Claustrophobic passenger triggers airline emergency
Boston ? Two fighter jets were scrambled Wednesday to escort a London-to-Washington flight to an emergency landing in Boston after a disturbance in which passengers said a woman in a jogging suit paced up and down the aisle, peppering her incoherent mutterings with the word “Pakistan.”
The federal official for Boston’s Logan International Airport said there was no indication of terrorism, but passengers said they were unnerved by the woman and by the military response, just a week after authorities in London said they foiled a terror plot to blow up flights to the U.S.
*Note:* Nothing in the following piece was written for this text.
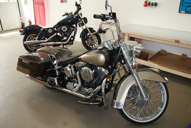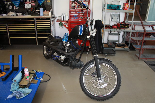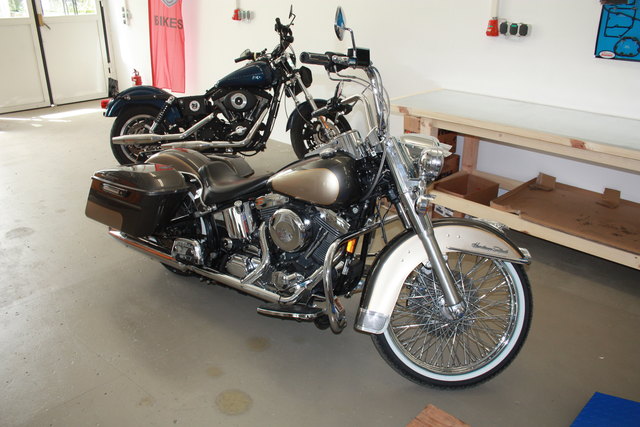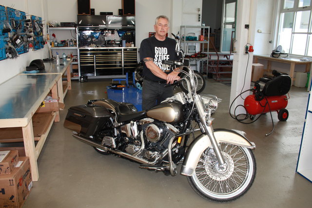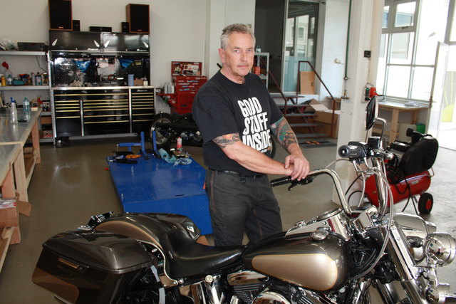 - Gerald Gruber mit einer gerade fertiggestellten Harley-Davidson eines Kunden die bereit ist wieder gefahren zu werden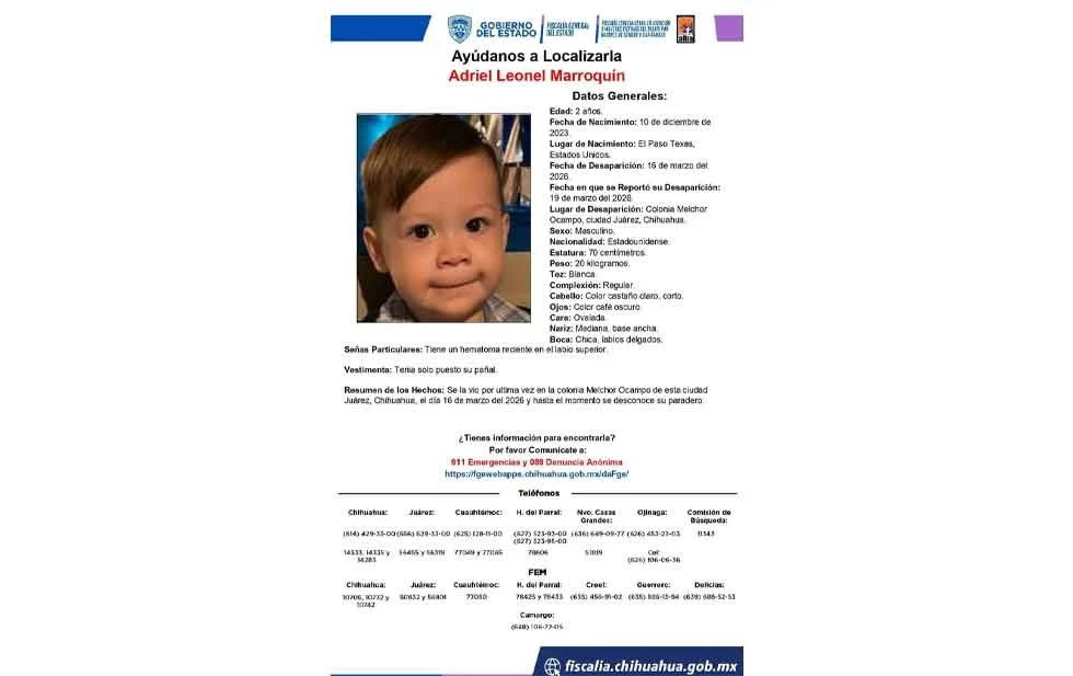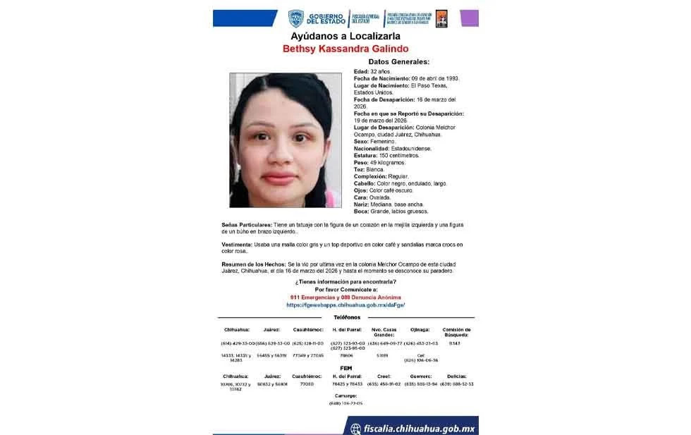 Juárez.- La Fiscalía Especializada en Atención a Mujeres Víctimas del Delito por Razones de Género (FEM) ha solicitado la colaboración urgente de la ciudadanía para localizar a Bethsy Kassandra Galindo, de 32 años, y a su hijo Adriel Leonel Marroquín, de apenas 2 años de edad. Ambos, ciudadanos originarios de El Paso, Texas, fueron vistos por última vez el pasado 16 de marzo en la colonia Melchor Ocampo de Ciudad Juárez, y hasta el momento se desconoce su paradero.

“It was a harrowing two hours,” said Antony Nash, 31, who was on his way home to San Diego and was seated near the woman.
“I noticed F-15s next to the plane. I said, ‘Oh my God.’ And then we saw the emergency vehicles” waiting on the tarmac, Nash said.
Gov. Mitt Romney said the 59-year-old woman was from Vermont and became so claustrophobic and upset that she needed to be restrained. The FBI in Boston said the woman, a U.S. citizen, was arrested on charges of interfering with a flight crew.
Passengers said two plainclothes men on board and flight attendants ran up the aisle and tackled the petite woman, slamming her into the bathroom door, throwing her to the ground and putting her in handcuffs, passengers said.

A Massachusetts State Trooper directs a group of passengers from United Flight 923 to the security checkpoint at Terminal C at Logan International Airport in Boston. The London-to-Washington flight was diverted to Boston on Wednesday after the pilot declared an emergency because an apparently claustrophobic passenger caused a disturbance.
The disturbance was enough of a concern that the pilot declared an emergency, which activated two fighter jets to escort the plane into Logan, said George Naccara, security director for the Transportation Security Administration for Massachusetts’ airports.
Two F-15s were sent from Otis Air National Guard Base on Cape Cod to escort the airliner, said Master Sgt. Anthony Hill, spokesman for the North American Aerospace Defense Command in Colorado Springs, Colo. He said the fighter pilots can intercept, shadow or escort commercial aircraft and, if ordered, shoot down an aircraft deemed to be a threat.
State police and federal agencies took control of the plane after it landed.
Passengers were taken off the plane, put on a bus and taken to a terminal to be interviewed, Naccara said. Their luggage was spread out on the tarmac, where it was rechecked by security officials and trained dogs.
Joan Bartko, of Manassas, Va., said everyone on the plane did as they were told.
“It was sort of surreal,” she said. “You just know the best thing to do is stay calm.”
The passengers were allowed onto another flight to Washington later Wednesday.